The cost-effectiveness threshold represents the maximum amount that a decision-maker is willing to pay for a unit of health outcome, such as a quality-adjusted life year (QALY). This threshold acts as a benchmark for evaluating whether a new therapy provides good value for money: if the incremental cost-effectiveness ratio (ICER) of a new intervention is below this threshold, the intervention is typically deemed cost-effective and likely to be recommended.

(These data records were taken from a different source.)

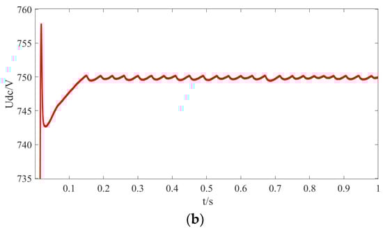 Through Figure 17, it can be found that the DC-side voltage is stable at about 750 V under the SMC control strategy, and there exists a voltage jitter of about 0.4 V up and down, which is the jitter of the intrinsic frequency that exists in the traditional sliding mode control.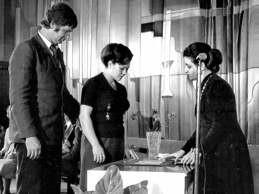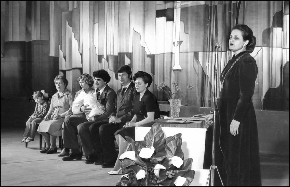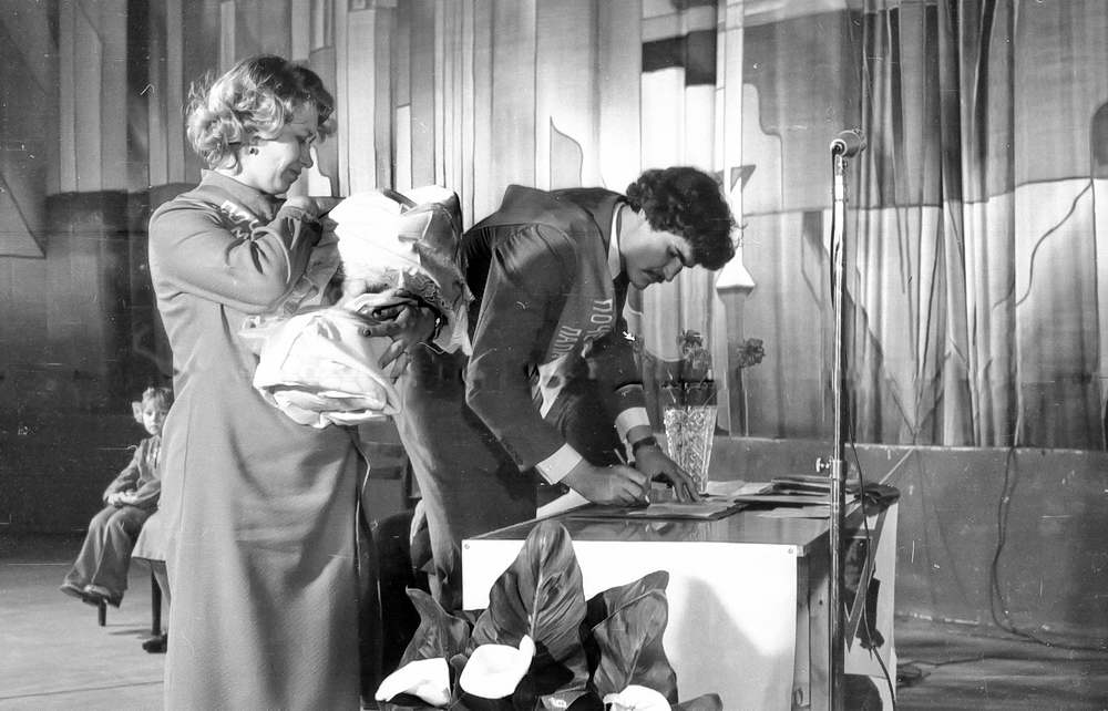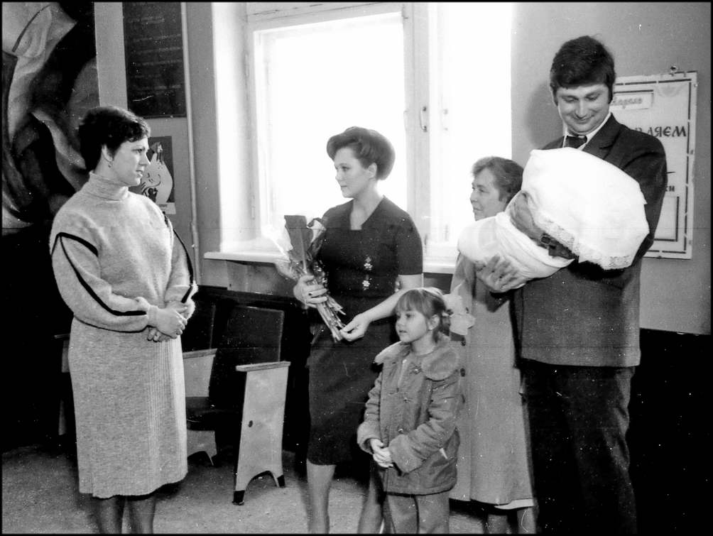 Документ о рождении дочери подписывают родители ребенка, почетные мама и папа, бабушка. Полноправной гражданкой Союза Советских Социалистических Республик стала Танечка Алейникова. В честь нее звучит гимн. Семью Алейниковых с рождением дочери поздравляет председатель исполкома В.А.Куликов . Он вручил родителям памятную мелаль «150-тысяч- ному жителю Волгодонска» и ордер на трехкомнатную квартиру.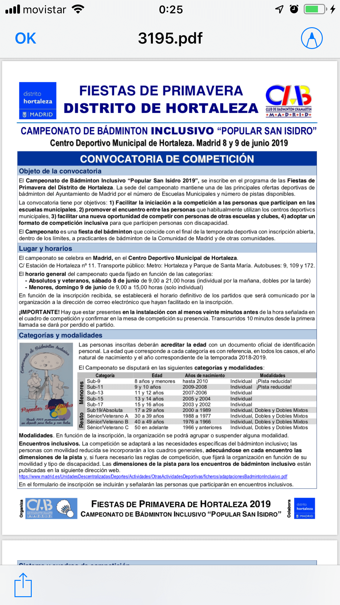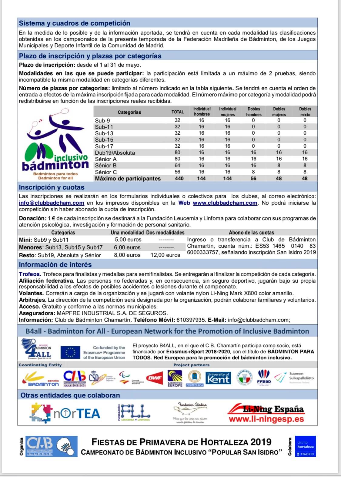Se ha celebrado el Campeonato de Bádminton Inclusivo «Popular San Isidro 2019», los días 8 y 9 de junio en el Centro Deportivo Municipal de Hortaleza (Madrid)

Establishing these thresholds usually involves analyzing historical reimbursement decisions rather than direct outputs from cost-effectiveness analyses. These thresholds serve as critical guidelines for interpreting cost-effectiveness analysis results in the context of decision-making. They vary by the specific health outcomes they measure and reflect the economic principle of ‘opportunity cost’—the cost of forgoing the next best alternative when a particular intervention is chosen.

For example, if resources are used for one health intervention, the threshold value indicates the health benefits that would be sacrificed from an alternative use of those resources. While some countries, like the UK through its NICE guidelines, explicitly state their cost-effectiveness thresholds, in other regions, these thresholds can be implicit and vary widely depending on the healthcare sector or disease area. This variance underscores the tailored approach to healthcare budgeting and prioritization, ensuring that spending aligns with national or local valuations of health outcomes.